_DATA SEGMENT:_
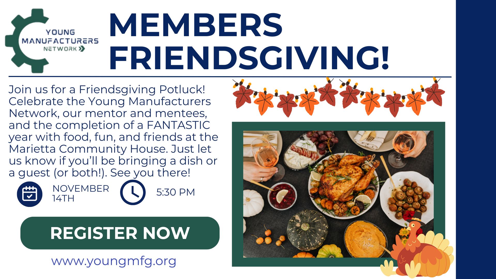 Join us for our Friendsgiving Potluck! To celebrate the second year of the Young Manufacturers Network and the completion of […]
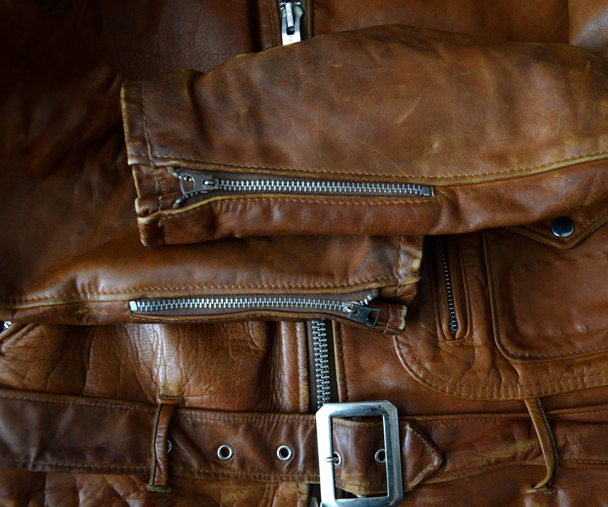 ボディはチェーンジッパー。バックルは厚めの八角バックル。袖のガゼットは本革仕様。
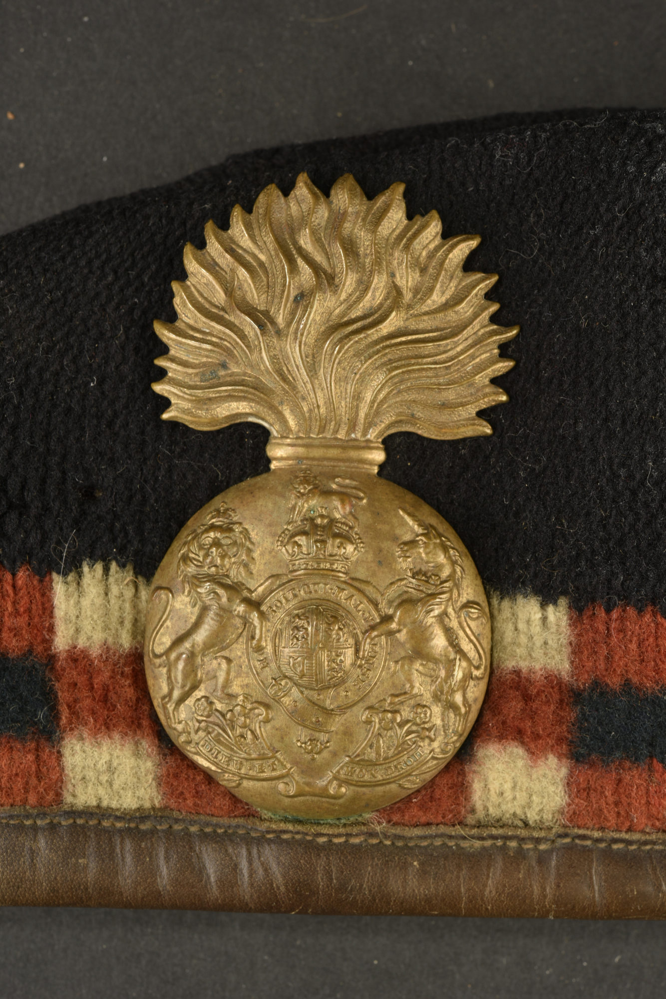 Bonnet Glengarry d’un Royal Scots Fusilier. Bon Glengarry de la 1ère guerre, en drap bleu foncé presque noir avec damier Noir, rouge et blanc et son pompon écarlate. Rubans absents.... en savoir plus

_EXERCISE DESCRIPTION:_ Give back the whole of the material exactly, with the pictures removed.

_RESPONSE TO THE EXERCISE:_
 Join us for our Friendsgiving Potluck! To celebrate the second year of the Young Manufacturers Network and the completion of […]
 ボディはチェーンジッパー。バックルは厚めの八角バックル。袖のガゼットは本革仕様。
 Bonnet Glengarry d’un Royal Scots Fusilier. Bon Glengarry de la 1ère guerre, en drap bleu foncé presque noir avec damier Noir, rouge et blanc et son pompon écarlate. Rubans absents.... en savoir plus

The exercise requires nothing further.